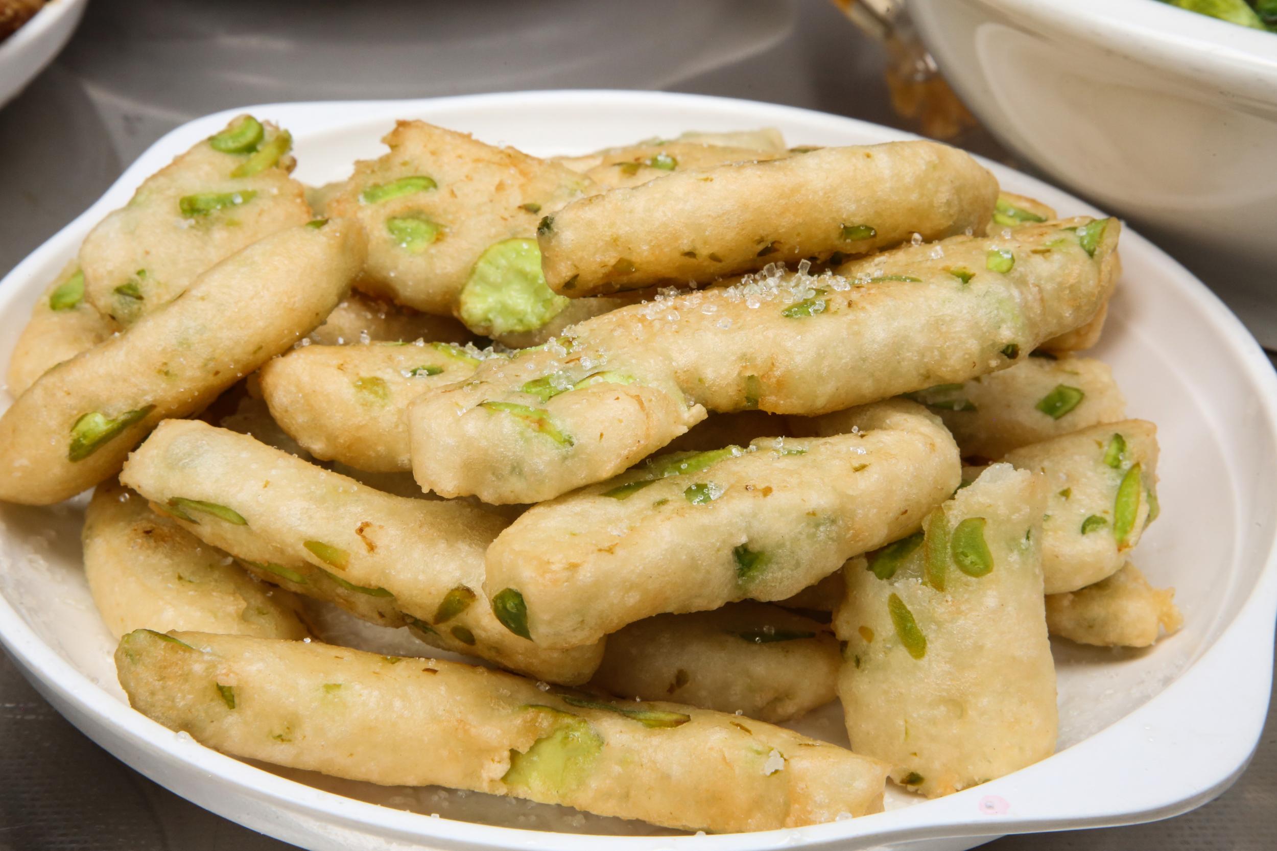 在众多春菜中,最引人注目的莫过于一道名字极具画面感的菜品—— “青蛙趴石板” 。这道充满童趣和诗意的菜肴,其实是娜姑人春季不可或缺的美食。杨琼介绍,这道菜的做法是将当季最新鲜的青蚕豆米(即青蛙)煮熟,然后揉进雪白的糯米面(即石板)中,定型后切成厚片,放入油锅炸至金黄。出锅后的“青蛙趴石板”外皮酥脆,内里软糯拉丝,翠绿的豆米镶嵌在洁白的糯米中,仿佛真的有一只只可爱的小青蛙趴在石板上,咬上一口,满满都是春天的味道。
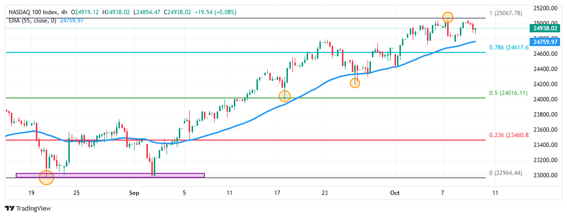- El Nasdaq 100 retrocede un 0.28% el día de hoy, manteniéndose dentro del rango del 8 de octubre en 24.938.
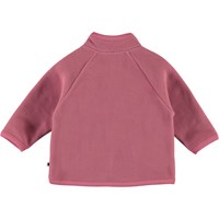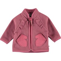 Uli is een babyjas in roze polar fleece met een hoge kraag, ruches aan de voorkant en een ritssluiting. De fleece jas heeft mooie gebreide voorzakken die op wanten lijken. De fleece jas kan alleen worden gebruikt of op zeer koude dagen als een extra laag onder een andere jas.
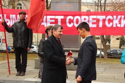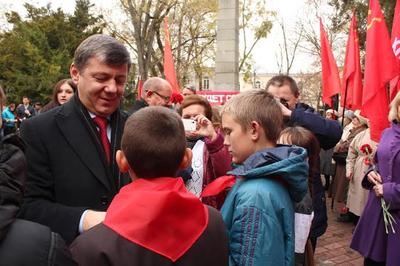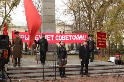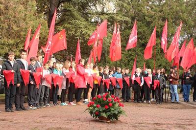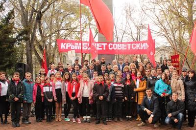 В четверг, 19 ноября, в Комсомольском сквере Симферополя, у обелиска «Павшим за Советскую власть», в рамках Всекрымской молодежной акции «Делу Великого Октября и Знамени Победы верны!» состоялся митинг-концерт, посвящённый 95-й годовщине установления Советской власти в Крыму.
------------------------
### Required work
Write out, exactly, the lines of the material from the very first through the line containing "Uli is een babyjas", and leave out every picture.

### Solution to the problem
 在众多春菜中,最引人注目的莫过于一道名字极具画面感的菜品—— “青蛙趴石板” 。这道充满童趣和诗意的菜肴,其实是娜姑人春季不可或缺的美食。杨琼介绍,这道菜的做法是将当季最新鲜的青蚕豆米(即青蛙)煮熟,然后揉进雪白的糯米面(即石板)中,定型后切成厚片,放入油锅炸至金黄。出锅后的“青蛙趴石板”外皮酥脆,内里软糯拉丝,翠绿的豆米镶嵌在洁白的糯米中,仿佛真的有一只只可爱的小青蛙趴在石板上,咬上一口,满满都是春天的味道。
- El Nasdaq 100 retrocede un 0.28% el día de hoy, manteniéndose dentro del rango del 8 de octubre en 24.938.
 Uli is een babyjas in roze polar fleece met een hoge kraag, ruches aan de voorkant en een ritssluiting. De fleece jas heeft mooie gebreide voorzakken die op wanten lijken. De fleece jas kan alleen worden gebruikt of op zeer koude dagen als een extra laag onder een andere jas.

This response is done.